# My model S delivery was postponed the day of pick up



## Rdmd1 (12 mo ago)

Mine was delayed the day of pick up. I was to pick up my model S long range on December 31 at 5pm. I ordered it on May 4, 2021. It was postponed 3 times but on the first week of December i was given a range between December 21 and 31. I received calls and emails asking me to confirm that I still wanted it. I confirmed and the date was narrowed further between the 26th and the 31. On the 27 I spoke with the manager in Fresno, California who checked my account and told me all was good to go but because my loan was pre approved with Bank of America he said they may take a week to fund the money and they could not hold the car once it’s in. So I applied for a loan with Tesla, was approved right away. I confirmed with the manager and he said we were still on for the 31 pick up at 5pm. The day before we were still on. The same day, on the 31 I was excited that I would pick it up later that day. At noon that day, New Years eave (by the way I cancelled my plans to go to LA to be with friends) I called Tesla to ask when and how I would pay the down payment. That’s when I was informed that the day was postponed again. I argued that how is it possible to cancel the same day? Their answer was they cannot know what cars they will receive. But the same day? Five hours before pick up? They postponed again for the first week of January 2022 but that was postponed again to March. But Tesla says it will likely be in January. We are January 18 and still nothing. Since then I found out several people ordered after me and received the vehicle months ago. The same car with the same options. There are only two possibilities here. Either they are selling the car to someone offering more money or Tesla is highly disorganized. There cannot be any other reason. Postponing the day of pick up, after I called to confirmed. They did not even call me.

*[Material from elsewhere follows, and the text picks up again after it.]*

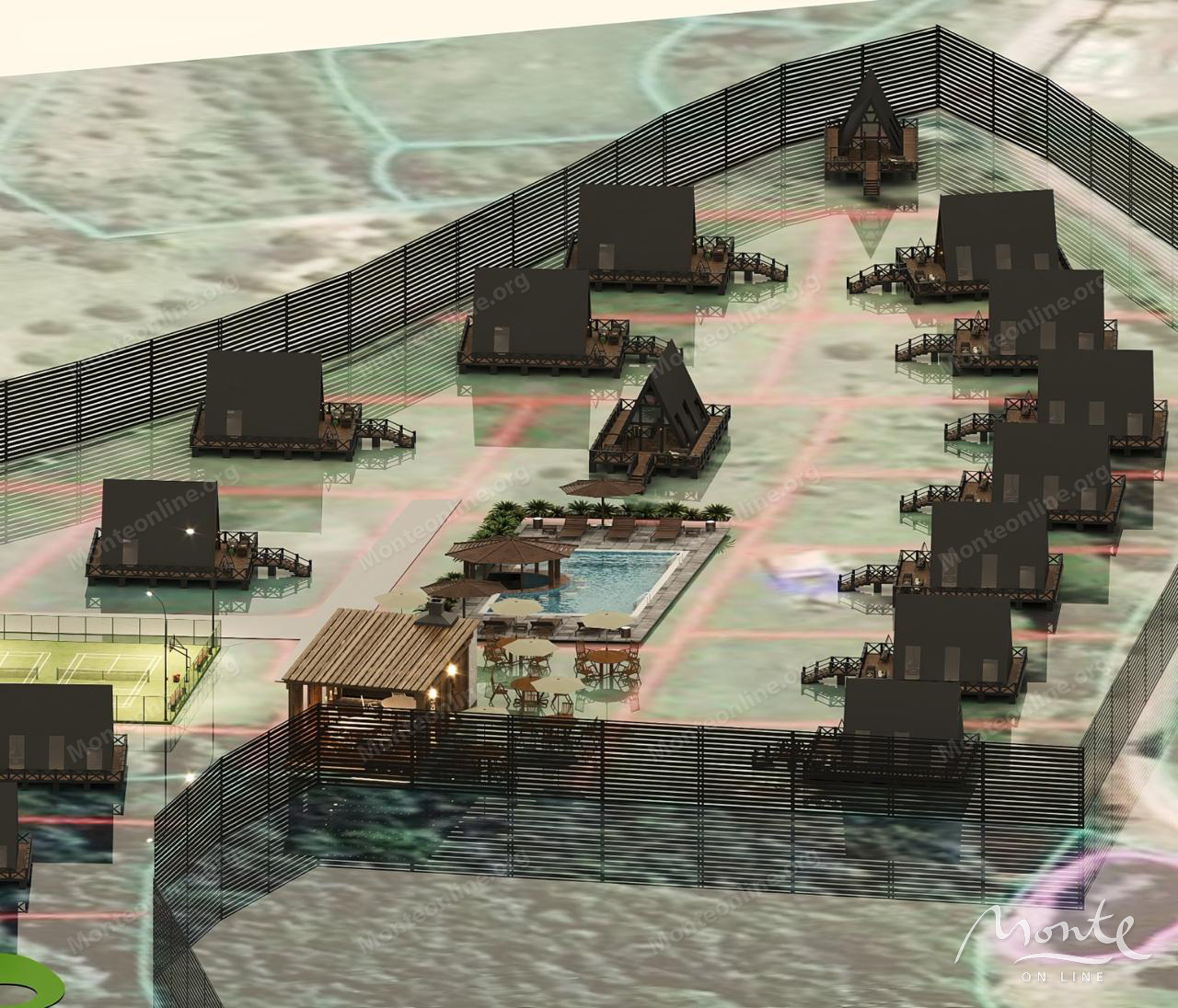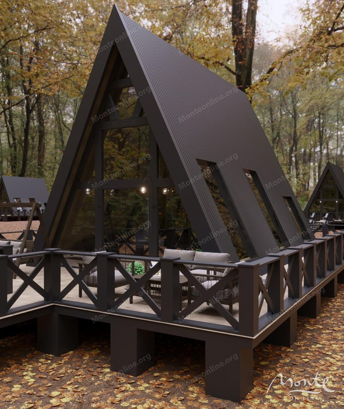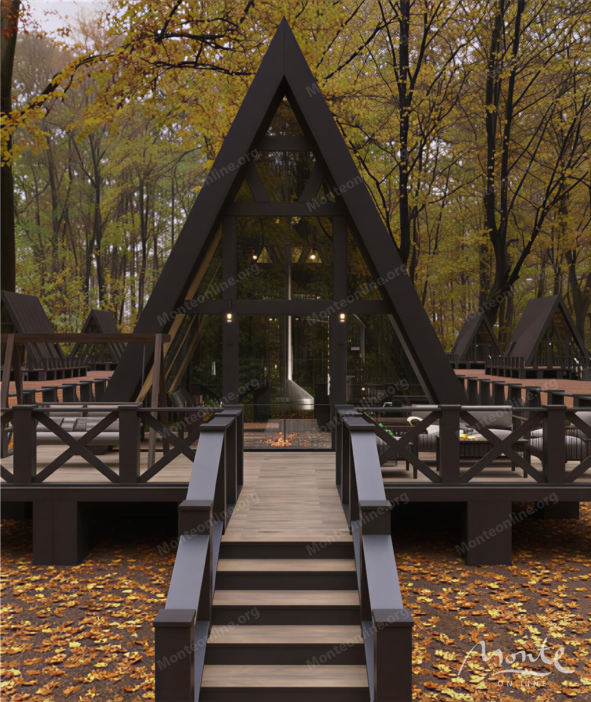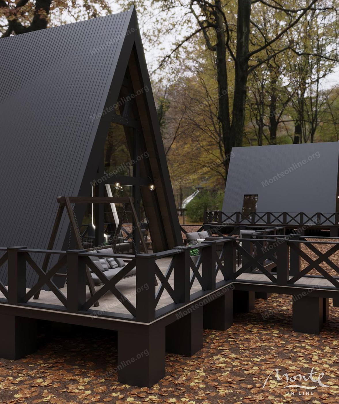 Проект выполнен в современном стиле A-Frame — востребованном архитектурном тренде, который гармонично вписывается в природный ландшафт. Минимализм, панорамное остекление и натуральные материалы создают атмосферу уюта, приватности и премиального отдыха. Каждый дом расположен на просторном участке площадью 1000 м², что гарантирует максимальное уединение и комфорт.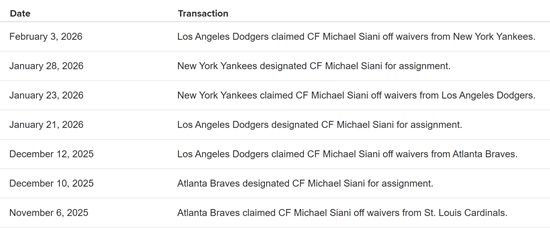 하지만 다저스의 시아니 영입에 대해 미국 현지의 저명 기자들도 주목해 자신의 SNS에 그 내용을 올리고 있다. 특별할 것 없는 백업 외야수의 이적에 관심을 가지는 건, 불과 2달 사이에 4번이나 타의에 의해 팀을 옮겨다녔기 때문이다.

What’s up with that?


----------



## XclusivemodelS (11 mo ago)

I’m in same boat white on white long range ordered June 21 to be honest I think delay is it’s new tail and headlights ambient lights and now airbag horn all things that was supposed to happen from the beginning but guess will blame supply chain so I’m in hops wait will be worth it


----------



## XclusivemodelS (11 mo ago)

XclusivemodelS said:


> I'm in same boat white on white long range ordered June 21 to be honest I think delay is it's new tail and headlights ambient lights and now airbag horn all things that was supposed to happen from the beginning but guess will blame supply chain so I'm in hops wait will be worth it


Oh yeah and my new date is now may 27 I hope good things really comes to those who wait


----------